Project 4: Analysis of RTP Packet Delay and Loss

Note: Examples of student project reports will be made available to course instructors upon request ( send email ).

The goal of this project is to analyze delays and loss of RTP packets during a real-time conference session over a wired and wireless network.

Where to find information about RTP/RTCP:

Textbook, Section 3.4
Wikipedia page for RTP and the Wireshark Wiki for RTP
The most detailed and authoritative source is RFC-3550

1. Experiment Description

This project is based on the data collected in WS Project #3. If such data are not available, the student must first perform Project #3 and collect the data to be analyzed in this project.

2. Captured Data Analysis

The following analysis requires drawing several different histograms of observed data. A key issue is selecting the size δ of bins for each histogram, i.e., the time units for its horizontal axis. Try different bin sizes and select one bin size δ_optimal for each histogram as the most informative for the problem at hand. Include in your report all histograms with different bin sizes δ that you experimented with. Discuss the different histogram shapes that you observe and explain how you selected the most informative bin size.

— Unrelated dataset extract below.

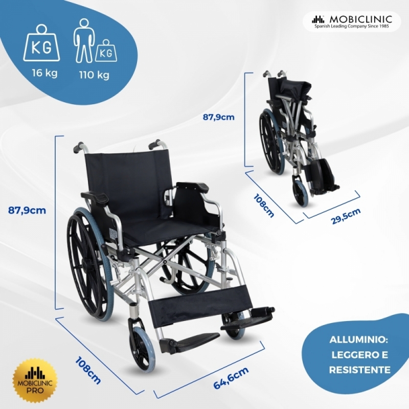LEGGERA E ROBUSTA: La struttura in alluminio di questa sedia a rotelle pieghevole mostra grande leggerezza e resistenza, pesando solo 16 kg.
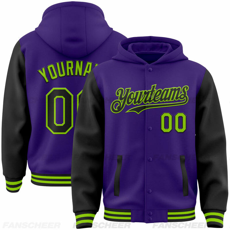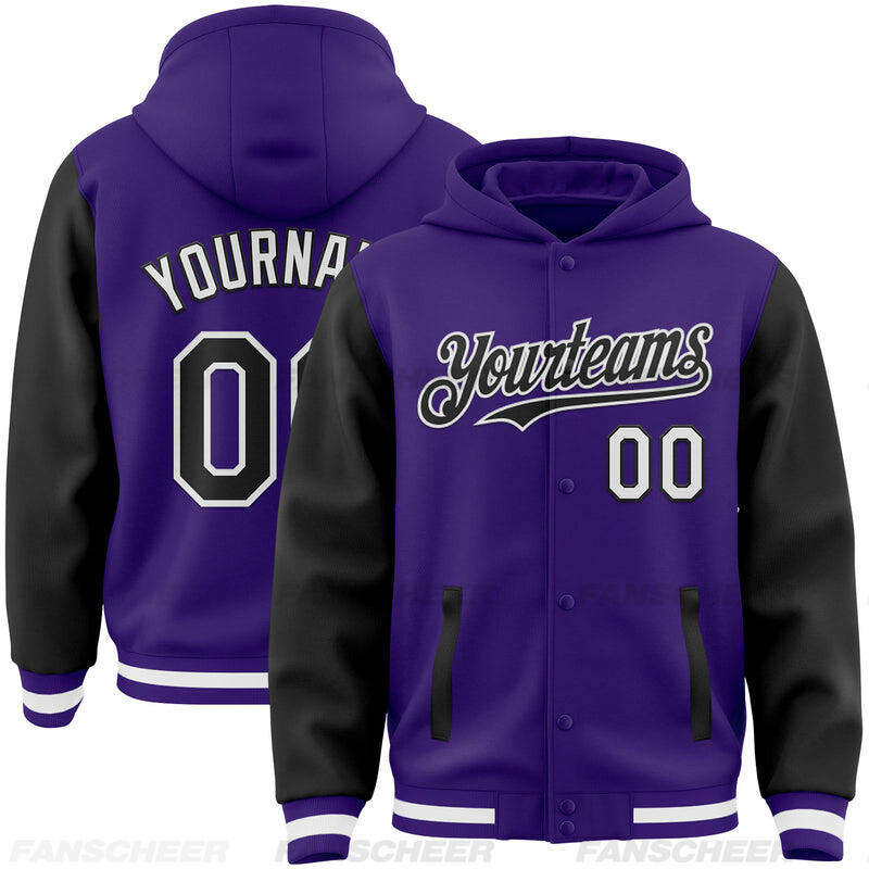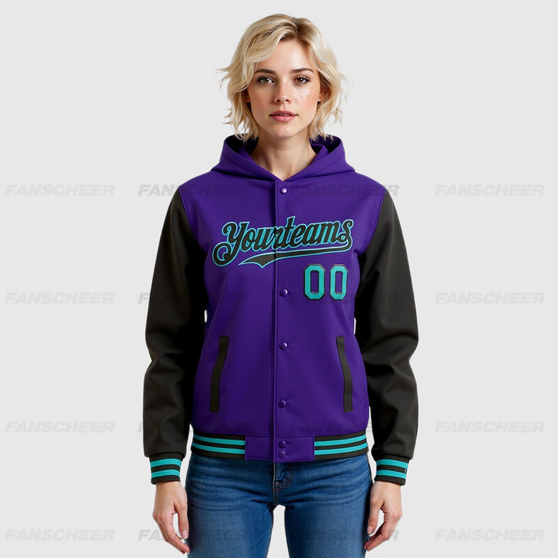 Custom Hoodie Jacket Purple Black-Teal Bomber Full-Snap Varsity Letterman Two Tone Hoodie Jacket

A particularly useful method to uncover temporal behaviors (such as periodicity) in a time series is a recurrence plot. Also see this introduction: Recurrence Plots At A Glance. Related concepts include “Ruelle-Takens phase portrait”, “phase diagram”, or “phase plot”.
You may start by drawing a phase plot, which is a two-dimensional diagram where the horizontal axis represents the current value of a variable, x(t), and the vertical axis represents the next value of the same variable, x(t+1).
Does your phase plot exhibit any patterns? For example, the points may be aligned on or around the diagonal line x(t+1) = x(t), or the points may be scattered around the plane. Describe your observations.

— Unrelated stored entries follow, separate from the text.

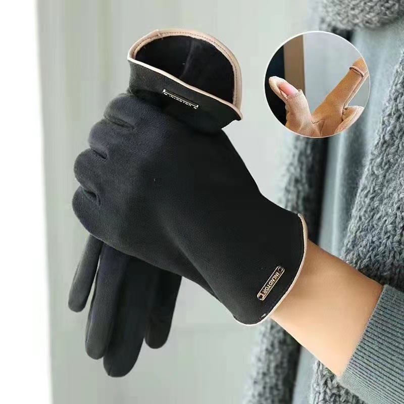 스웨이드 사이클링 장갑 겨울용 방풍 방한 남녀 공용 가을 겨울 따뜻한 가죽 장갑 겨울용 터치스크린 오픈 핑거스토어 가기
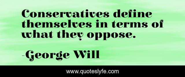 This page presents the quote "Conservatives define themselves in terms of what they oppose.". Author of this quote is George Will. This quote is about themselves, terms, define,.
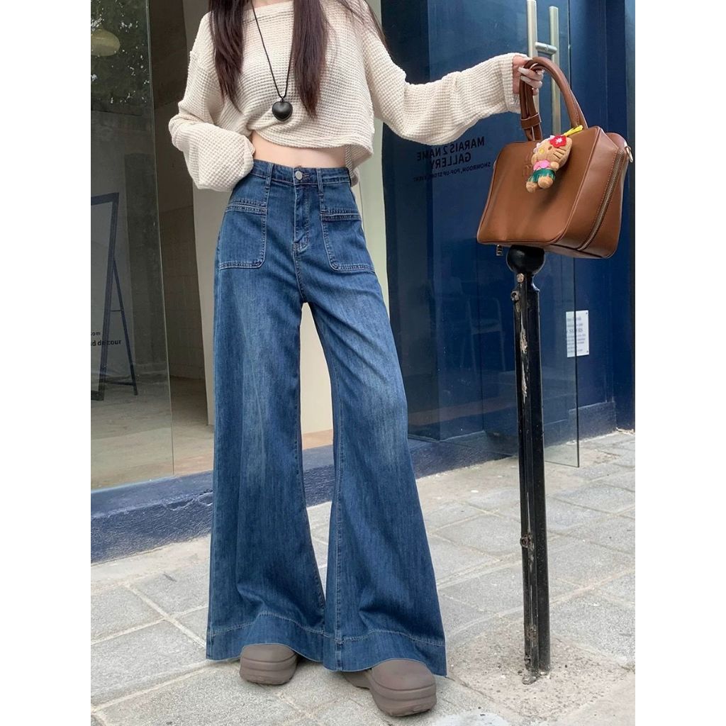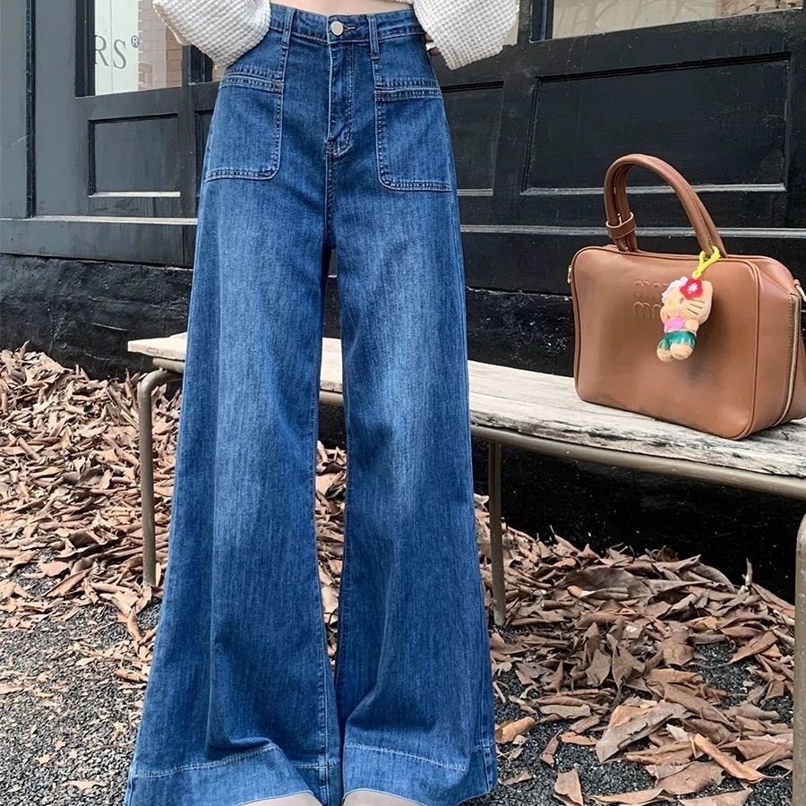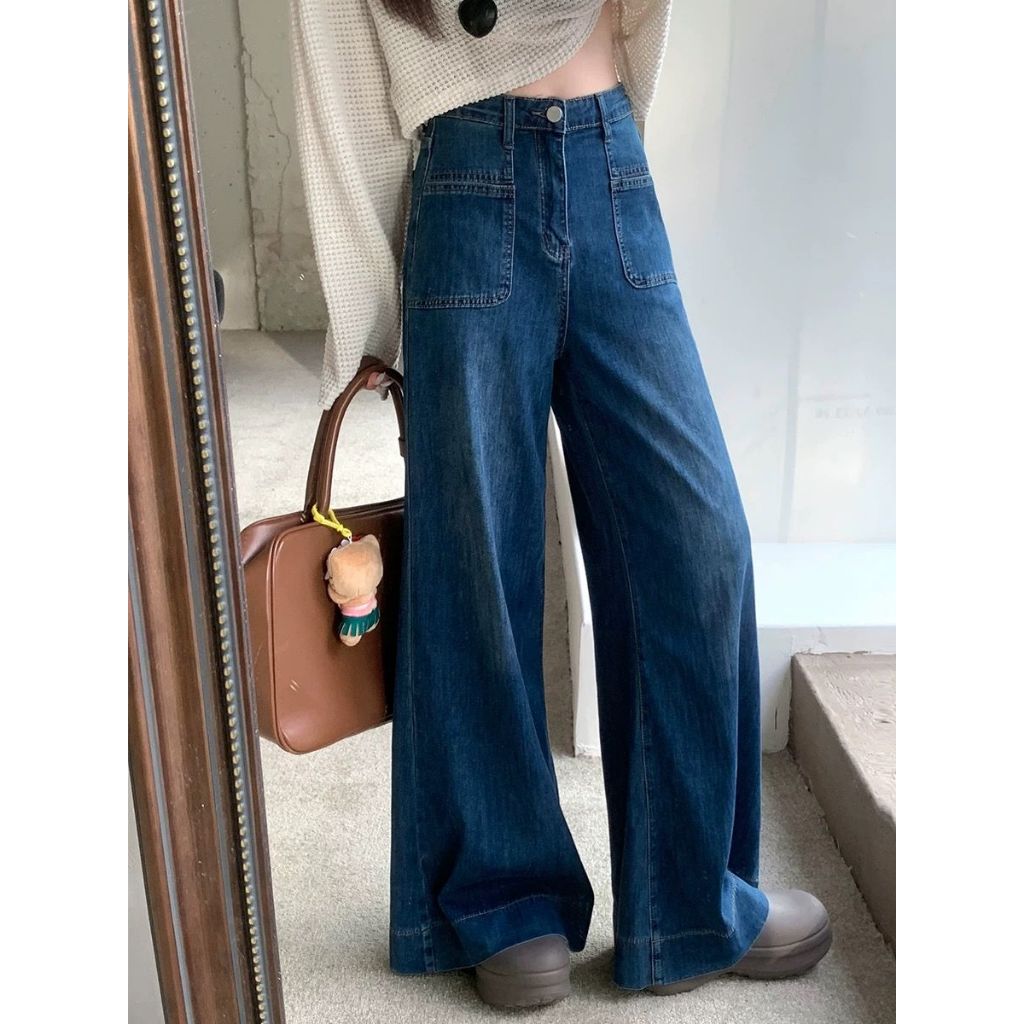 Biru tua Cutbray ada melar Highwaist Kekinian Korean Style Celana Jeans Panjang Wanita

2.1 Calculating the Delay and Delay Jitter from RTP Packets

As this discussion illustrates, extracting the delay jitter from RTP packets is not a straightforward task.

For each media source (such as audio or video, identified by its SSRC number), we will consider: (1) transit delay of individual packets and (2) inter-arrival time between subsequent packets.

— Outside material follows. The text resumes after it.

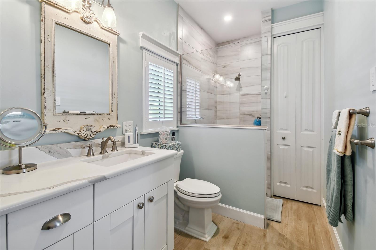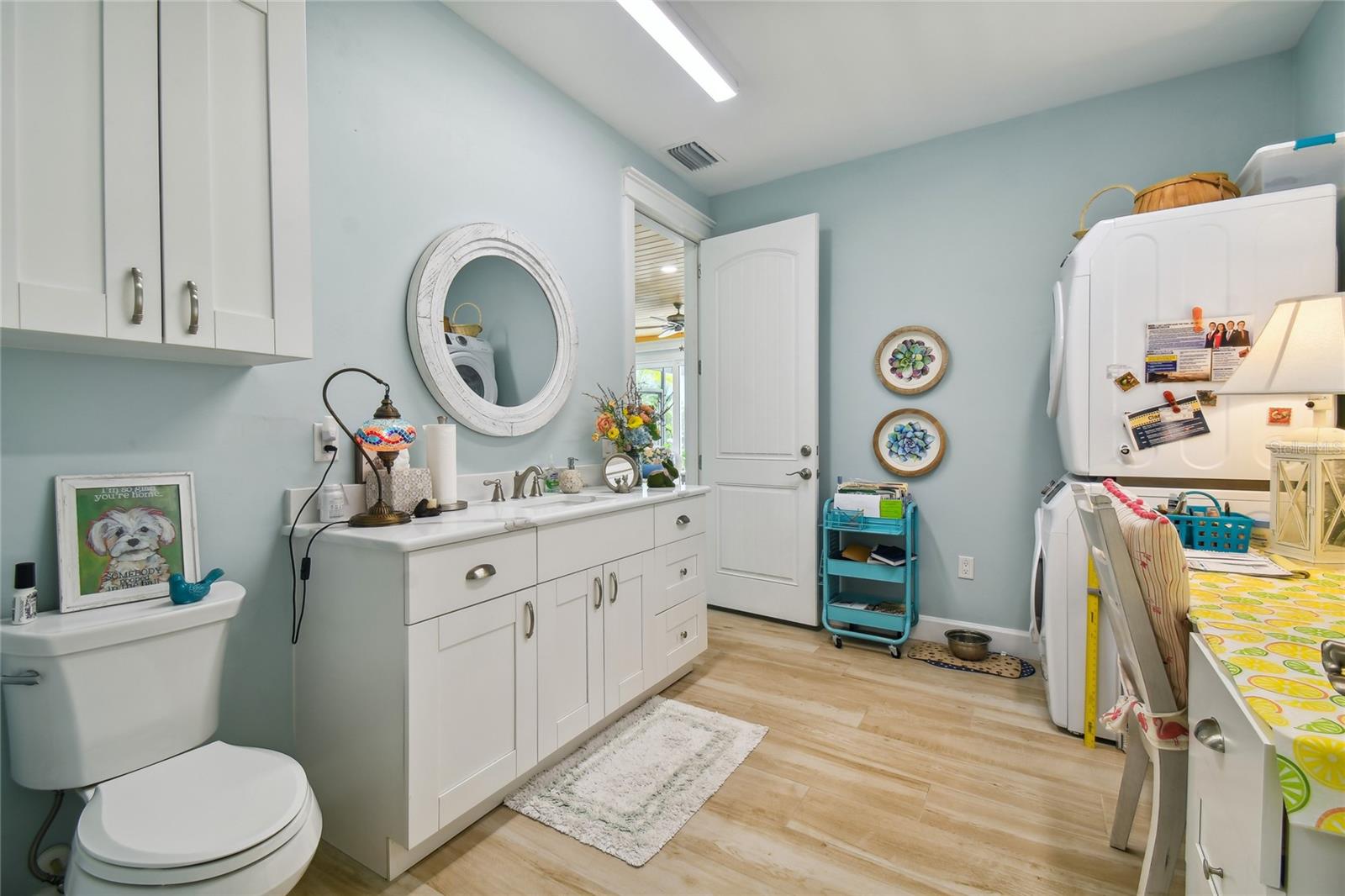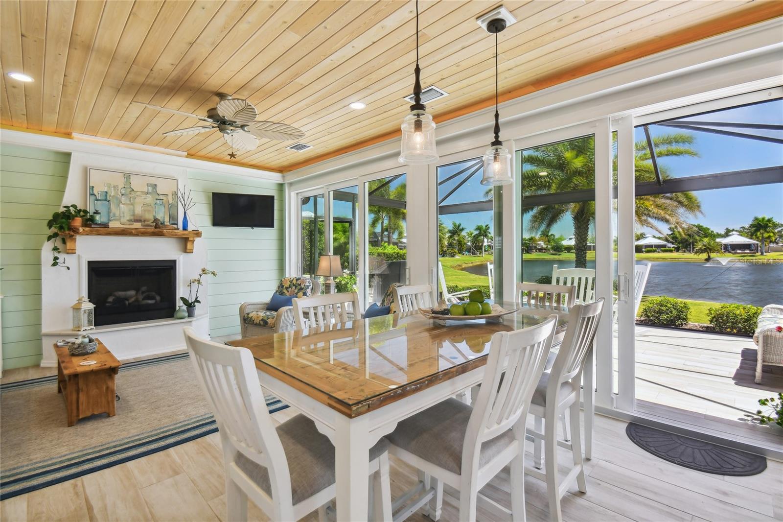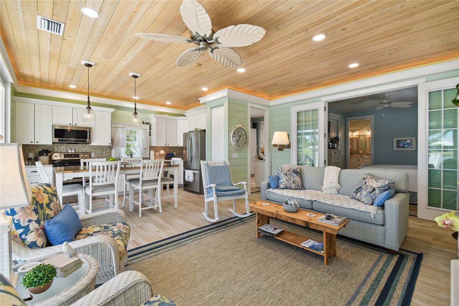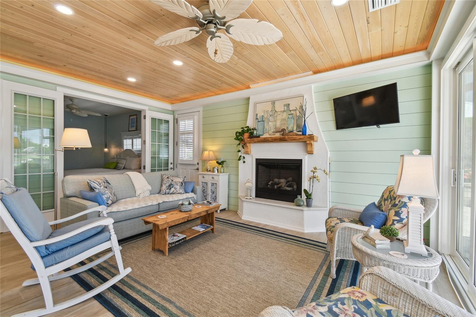 Experimente o luxo nesta casita excepcional no Thornton Creek Motorcoach Resort. Esta propriedade única, uma das poucas com um banheiro e meio, oferece mais de 1.000 pés quadrados de área de estar com ar-condicionado, além de uma espaçosa varanda com tela de 375 pés quadrados, perfeita para desfrutar de vistas serenas da orla. Situada à beira-mar, esta casita oferece vistas tranquilas e pitorescas que fazem com que cada dia pareça férias. A exuberante paisagem tropical aumenta o charme e apelo da propriedade. Ao entrar, você encontrará uma convidativa sala de estar e uma cozinha completa equipada com eletrodomésticos de última geração e espaço suficiente para uma mesa de jantar grande. Grandes controles deslizantes conectam perfeitamente a sala de estar e a cozinha à varanda, combinando a vida interna e externa. O AC central garante conforto o ano todo, enquanto a lareira a gás dá um toque aconchegante. As elegantes portas francesas do quarto abrem-se para a sala de estar, realçando a sensação de abertura da casa. A grande sala bônus inclui um lavabo, uma lavadora e secadora empilháveis e pode ser usada como escritório ou sala de artesanato. Além disso, existe uma garagem climatizada para carrinhos de golfe para mais arrumação. Abra a porta para uma vida excepcional em ônibus com esta casita deslumbrante. Não perca esta rara oportunidade de possuir um pedaço do paraíso.
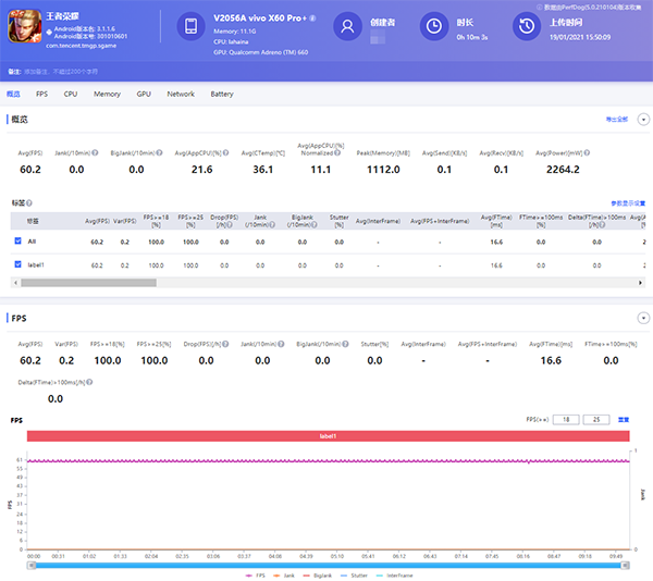 在《王者榮耀》中,即便開啟最高畫質(zhì)和幀數(shù)上限,vivo X60 Pro+的幀數(shù)依舊保持穩(wěn)定,在團(tuán)戰(zhàn)中釋放技能也沒(méi)有出現(xiàn)掉幀的情況。平均幀數(shù)也來(lái)到了一個(gè)接近滿幀的水平,整體的出色表現(xiàn)在意料之中。

2.1.1 Transit Delay of Individual Packets

Wireshark records the arrival time of each packet (find it in the Wireshark packet frame description). However, note that this time may be set relative to the start of the session, rather than the absolute time (known as “wall-clock time”).
Alternatively, the arrival time may be represented as the absolute time but in your geographic location, in which case you need to convert it to the UTC time because NTP timestamps are represented in the UTC time zone.
In addition, we cannot directly use the timestamps found in RTP packets. Recall that the timestamp at the start of each session is initialized randomly and incremented by a fixed amount for each “data segment”, which may be different from a transmitted packet. For audio, a “data segment” usually corresponds to 20 milliseconds of audio recording, which is transmitted in a single packet. For video, a single video frame may be broken and transmitted in several packets, all of which will carry the same timestamp. This situation can be detected by checking the marker (M) bit of the RTP header (see Section 5.1 of RFC-3550). The timestamp clock is incremented by a fixed number for each sampling period. For example, if you transmit audio sampled at the usual τ = 8000 Hertz, the increment unit is 1/8000 of a second. Then, if the sending audio application records, say, 160 sampling periods from a microphone, the timestamp will be increased by 160 units for each such audio segment, regardless of whether the segment is transmitted in a packet or dropped as silent. Therefore, you may observe gaps in timestamps even if none of the packets were lost during transmission.
There may be some issues of aligning the time axes for audio and video, as discussed in “How to calculate effective time offset in RTP” and “here.”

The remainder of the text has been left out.